Diagnosis
Intraocular foreign bodies are diagnosed based on a combination of appropriate history, clinical signs, and ocular imaging.
As in the case presented here, there may be a history of the dog running through grass, and grass awns may have been found
in the ears or coat or between the toes.
Clinical signs usually start as conjunctival and episcleral hyperemia, prolapse of the third eyelid secondary to enophthalmos
(due to pain or a retrobulbar mass), blepharospasm, and epiphora. The signs frequently progress to severe hyperemia, mucopurulent
discharge, possible exophthalmos, and severe pain around the face and upon opening the mouth. The dog is often febrile, anorectic,
and depressed.
In this case, the clinical signs and history were compatible with a diagnosis of infectious panophthalmitis, and the dog was
blind and in severe pain. Thus, a grave prognosis for saving the eye was given, and enucleation was performed without further
diagnostic tests. Other causes of panophthalmitis in dogs include deep fungal infections or ophthalmomyiasis interna.7 A diagnosis of ophthalmomymiasis carries a fair prognosis because the larvae can be surgically removed if caught early.7
However, if panophthalmitis develops, salvaging the eye is unlikely.
In cases in which intraocular foreign bodies are suspected, the signs are less severe, and the eye potentially retains vision,
ocular imaging techniques should be used to better determine the feasibility of salvaging vision. That is true in cases of
suspected intraorbital foreign bodies, as well.
Ultrasonographic examination of the globe and orbit is the most useful technique for determining the amount and type of damage.8 Glass, metallic or plastic objects, and porcupine quills can be easily located with ultrasonography since these objects
prevent penetration of the ultrasound waves beyond them and, thus, cast a hypoechoic shadow.8 On the other hand, organic material cannot be imaged as well since it is often of a similar consistency as the tissue around
it. However, ultrasonography is valuable in these cases as it can detect prognostic indicators such as retinal detachment
and the status of the lens capsule. When information is needed about the complete orbit and globe, a combination of modalities
is recommended since intraocular structures are better seen with high-resolution ultrasonography, while periocular structures
are better imaged with magnetic resonance imaging (MRI).9
Computed tomography (CT) and MRI are frequently used to detect intraocular foreign bodies in people. In a study comparing
these two techniques, MRI was able to accurately detect eight of eight nonmetallic foreign bodies (wood, glass, plastic, rock)

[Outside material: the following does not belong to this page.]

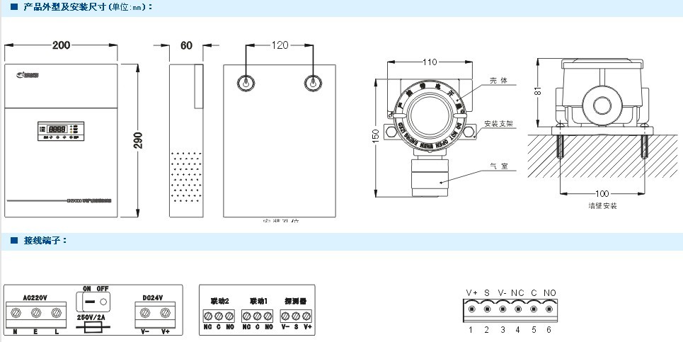 報警方式: 一段繼電器無源觸點輸出(A1段),觸點容量1A 24VDC(可選)

planted into enucleated sheep eyes while CT was able to detect seven of eight.10 CT was unable to detect the wood foreign body. Both techniques could resolve objects as small as 3 mm. If a metallic foreign
object is suspected, MRI is contraindicated since the magnetic field will attract the metal and potentially traumatically
extract it from the tissue.
Prognosis and treatment
The prognosis and treatment of a canine eye with intraocular foreign bodies depend greatly on the initial damage done to the
eye, the type of material present, the duration of time from insult to treatment, and the skill of the person treating the
eye.
If the foreign body has only penetrated the cornea and has not reached the lens and the trauma is recent, its removal, corneal
repair, and topical and systemic antibiotic therapy are indicated. In addition, treatment for the resultant secondary uveitis
should be initiated with topical atropine and nonsteroidal anti-inflammatory drugs. Without direct involvement of intraocular
structures and given prompt, appropriate therapy, the prognosis is good.
If there is perforation of the sclera and uvea, retinal damage is likely to be present. In these cases, referral to a veterinary
ophthalmologist is highly recommended. The prognosis in cases of perforation depends greatly on the location of the object
within the eye. If the object can be readily removed from the eye surgically (e.g. if it is in the anterior chamber), the prognosis for vision is good. If it is in the posterior segment, the prognosis—even
with surgery—is guarded to poor. However, resolution of hemorrhage and surgical retinal reattachment is possible.4
If perforation of the lens capsule has occurred, a guarded prognosis must also be given. Rapid leakage of lens proteins induces
phacoclastic uveitis, which is often progressive and can destroy the eye. Immediate diagnosis and aggressive anti-inflammatory
treatment along with the surgical removal of the lens is necessary to have any chance at all of saving the eye.4 Thus, emergency referral to a veterinary ophthalmologist is important in most cases of ocular perforation. If an eye containing
a foreign body is blind and painful, enucleation should be performed as soon as possible.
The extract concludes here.